An initial notice to quit was served on the appellant in 2003. A subsequent notice to quit was served on or about the 28th March, 2006. An Ejectment Civil Bill for Overholding was issued by the respondent on or about the 1st August, 2006 returnable before Sligo Circuit Court.
The appellant served on the respondent a Notice of Intention to Claim Relief pursuant to the provisions of the Landlord and Tenant (Amendment) Act, 1980, as amended, on the 27th November, 2006 and issued a Landlord and Tenant Civil Bill on the 5th December, 2006 seeking, inter alia, that the Court fix the terms of a new statutory tenancy under Part II of that Act. That action was ultimately heard by Judge Flanagan at the Circuit Court in Sligo on the 15th March, 2013 whereupon an order was made granting the appellant a new lease and fixing the terms of the said tenancy pursuant to the provisions of the 1980 Act for a term of 17 years from the 16th May, 2006 at a yearly rent of €6,100 together with a direction that the tenant be responsible for internal repairs and the landlord be responsible for external repairs and granting the appellant 50% of his costs.
The appellant appealed the Circuit Court order by notice of appeal dated the 25th March, 2013.

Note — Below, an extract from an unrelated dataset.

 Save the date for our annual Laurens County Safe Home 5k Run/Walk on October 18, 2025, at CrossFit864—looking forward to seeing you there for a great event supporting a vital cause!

Subsequently, pending hearing of the appeal, a Fire Safety Notice pursuant to s. 20 of the Fire Safety Act, 1981 was served on the respondent on the 4th July, 2013 by the Fire Safety Authority, Sligo Fire Service, in relation to the entire premises. The notice identified the premises as a potentially dangerous building as defined by s. 19 of the 1981 Act and directed the respondent, as owner, to carry out essential works to fulfil the Fire Safety Authority's requirements including provision of a safe and effective means of escape. The execution of these repairs appears to have exacerbated tensions between the parties.

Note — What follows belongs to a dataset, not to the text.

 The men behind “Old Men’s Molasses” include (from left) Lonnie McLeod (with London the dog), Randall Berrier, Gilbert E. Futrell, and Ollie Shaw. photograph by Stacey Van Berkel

It is clear that there was some urgency attached by the Fire Safety Authority to the works being carried out. At one point the respondent had indicated the 7th January, 2014 as the likely start-date for the said works with an anticipated completion date of February, 2014. The relationship between the parties was characterised then – as now – by a high degree of mistrust with inevitable attendant mutual misunderstandings. The appellant sought that structural repairs, which he considered were necessitated by the damage caused to his demise from ingress of water from leaking of the building roof over the years, were also required to be carried out in addition to the works necessitated by conditions in the Fire Safety Notice.
The appellant's Circuit appeal came before the High Court on Circuit in Sligo on the 9th May, 2014, when Mr. Justice Barry White accepted an undertaking given by the respondent that it would carry out structural repairs, that the appellant would move out of the premises, that certain pieces of large equipment, the property of the appellant and in use in connection with his printing works, would be stored safely in the premises during the carrying out of the works and that any rent due during the construction phase would be suspended. Further, the appellant was to be paid compensation during this period while he was out of the premises, together with certain other removal and advertising costs. The Court note stated: “Landlord will do the works needed.” Counsel for the respondent is noted as having stated: “[Plaintiff] will be compensated for loss”. The Court note continues: “Undertakings given by both sides (not sworn) … Works will take 3-4 weeks to start & 6-8 weeks to complete”.
The appellant moved out and works were commenced around 24th June, 2014 and carried out to the premises. A dispute subsequently arose between the parties as to whether and when the premises were ready and fit for re-occupation by the appellant. The appellant further alleged that damage had been caused to his fixtures/equipment stored in the premises during the refurbishment works.